* About this exercise
Only one stretch of the data below is wanted: the lines starting at the one with "Mit warmen Farbtönen" and ending at the one with "紧接着,刘景阳同学为大家阐释", both included, given again exactly.

* Dataset content
———

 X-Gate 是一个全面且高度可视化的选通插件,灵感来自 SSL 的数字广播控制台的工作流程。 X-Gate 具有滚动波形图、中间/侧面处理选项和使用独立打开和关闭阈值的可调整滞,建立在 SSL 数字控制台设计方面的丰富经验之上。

———

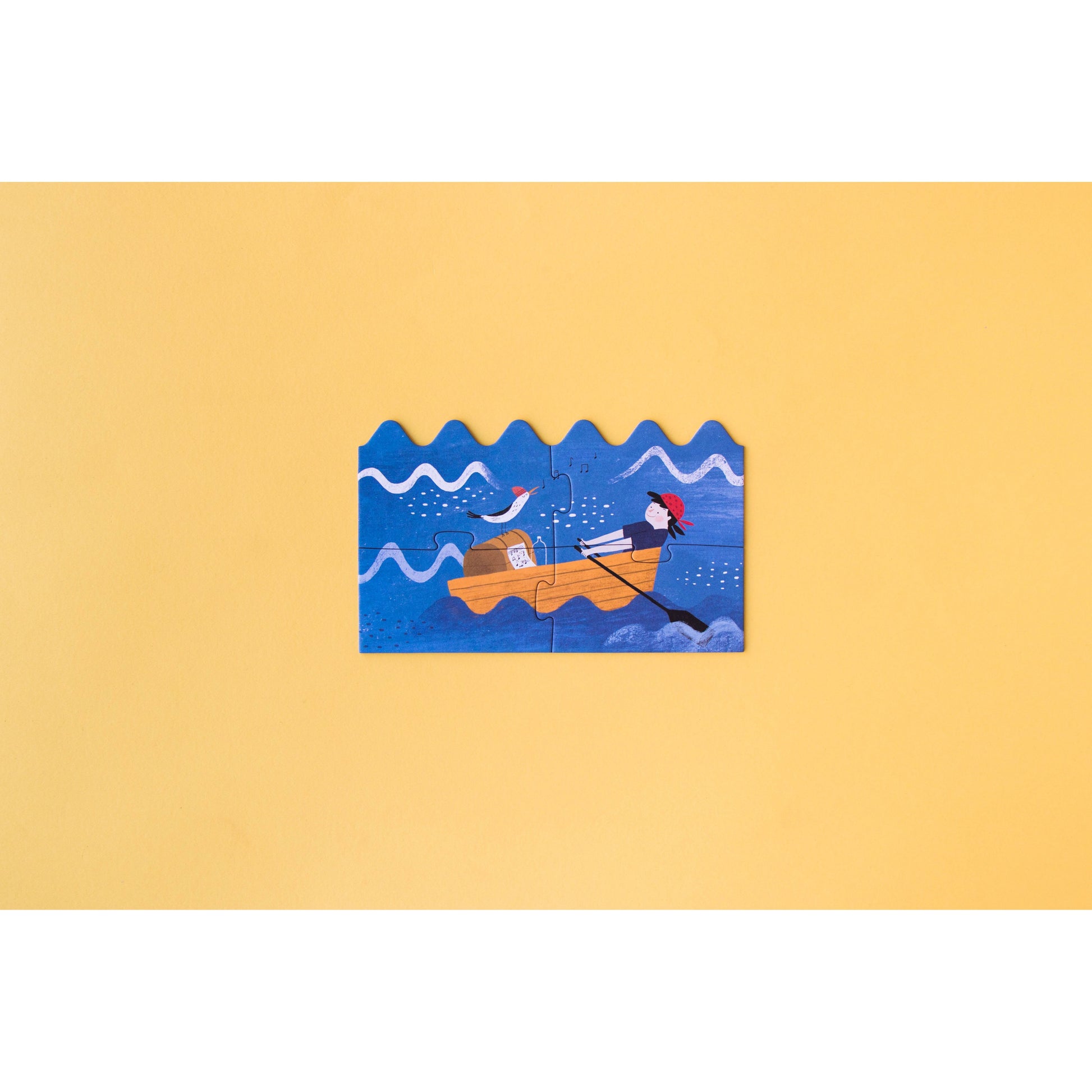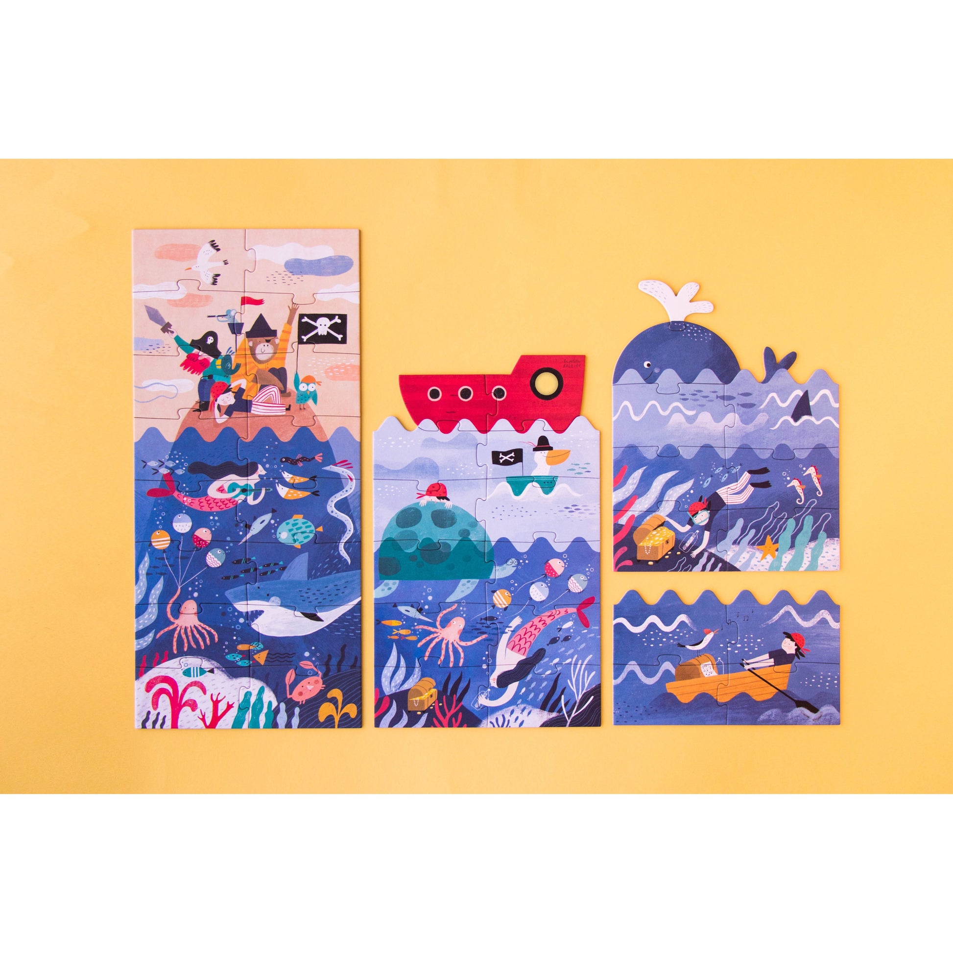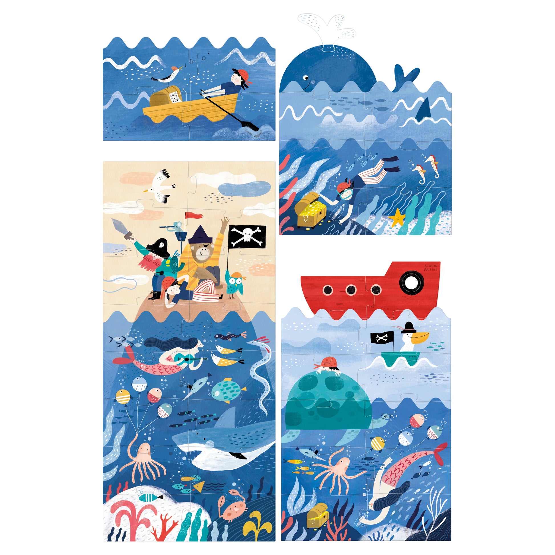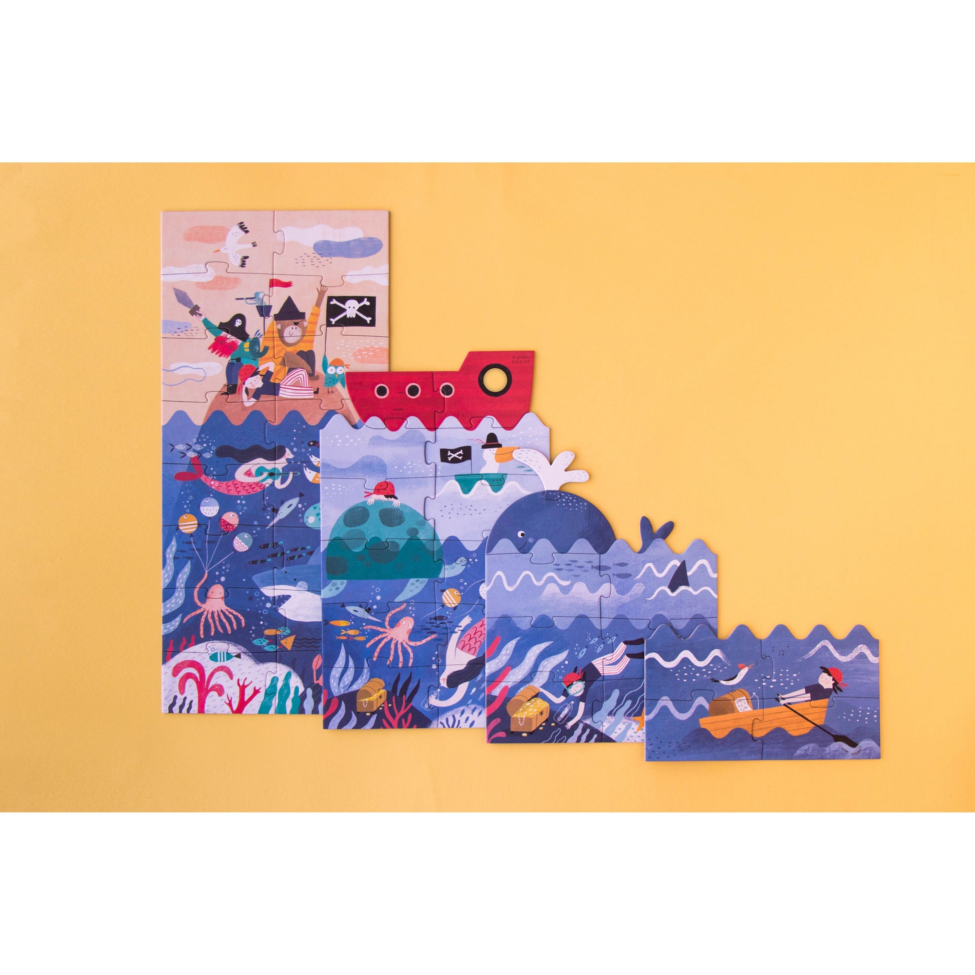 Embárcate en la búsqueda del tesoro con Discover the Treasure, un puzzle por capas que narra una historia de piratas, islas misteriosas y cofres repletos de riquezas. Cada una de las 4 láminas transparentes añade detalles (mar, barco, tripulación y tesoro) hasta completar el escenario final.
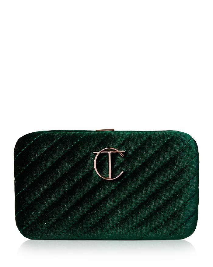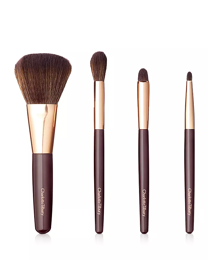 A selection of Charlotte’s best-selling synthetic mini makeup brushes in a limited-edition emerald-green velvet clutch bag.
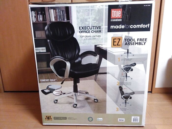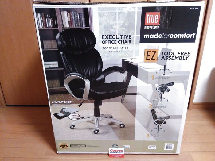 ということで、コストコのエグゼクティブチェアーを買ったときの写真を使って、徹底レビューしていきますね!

———

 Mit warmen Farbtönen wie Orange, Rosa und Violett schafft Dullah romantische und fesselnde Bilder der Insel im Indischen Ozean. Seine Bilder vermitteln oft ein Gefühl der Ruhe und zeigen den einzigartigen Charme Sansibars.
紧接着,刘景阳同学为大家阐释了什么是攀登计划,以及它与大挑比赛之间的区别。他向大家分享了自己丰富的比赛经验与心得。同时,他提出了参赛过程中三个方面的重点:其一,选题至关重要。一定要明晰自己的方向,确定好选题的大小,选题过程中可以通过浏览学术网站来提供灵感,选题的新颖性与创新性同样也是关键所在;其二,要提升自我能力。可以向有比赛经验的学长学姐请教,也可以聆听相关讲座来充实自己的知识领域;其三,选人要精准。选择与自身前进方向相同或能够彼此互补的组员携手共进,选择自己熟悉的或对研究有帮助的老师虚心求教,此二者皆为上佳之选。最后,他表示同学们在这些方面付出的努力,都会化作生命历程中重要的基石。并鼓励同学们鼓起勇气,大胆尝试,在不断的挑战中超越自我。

———

* Written reply
 Mit warmen Farbtönen wie Orange, Rosa und Violett schafft Dullah romantische und fesselnde Bilder der Insel im Indischen Ozean. Seine Bilder vermitteln oft ein Gefühl der Ruhe und zeigen den einzigartigen Charme Sansibars.
紧接着,刘景阳同学为大家阐释了什么是攀登计划,以及它与大挑比赛之间的区别。他向大家分享了自己丰富的比赛经验与心得。同时,他提出了参赛过程中三个方面的重点:其一,选题至关重要。一定要明晰自己的方向,确定好选题的大小,选题过程中可以通过浏览学术网站来提供灵感,选题的新颖性与创新性同样也是关键所在;其二,要提升自我能力。可以向有比赛经验的学长学姐请教,也可以聆听相关讲座来充实自己的知识领域;其三,选人要精准。选择与自身前进方向相同或能够彼此互补的组员携手共进,选择自己熟悉的或对研究有帮助的老师虚心求教,此二者皆为上佳之选。最后,他表示同学们在这些方面付出的努力,都会化作生命历程中重要的基石。并鼓励同学们鼓起勇气,大胆尝试,在不断的挑战中超越自我。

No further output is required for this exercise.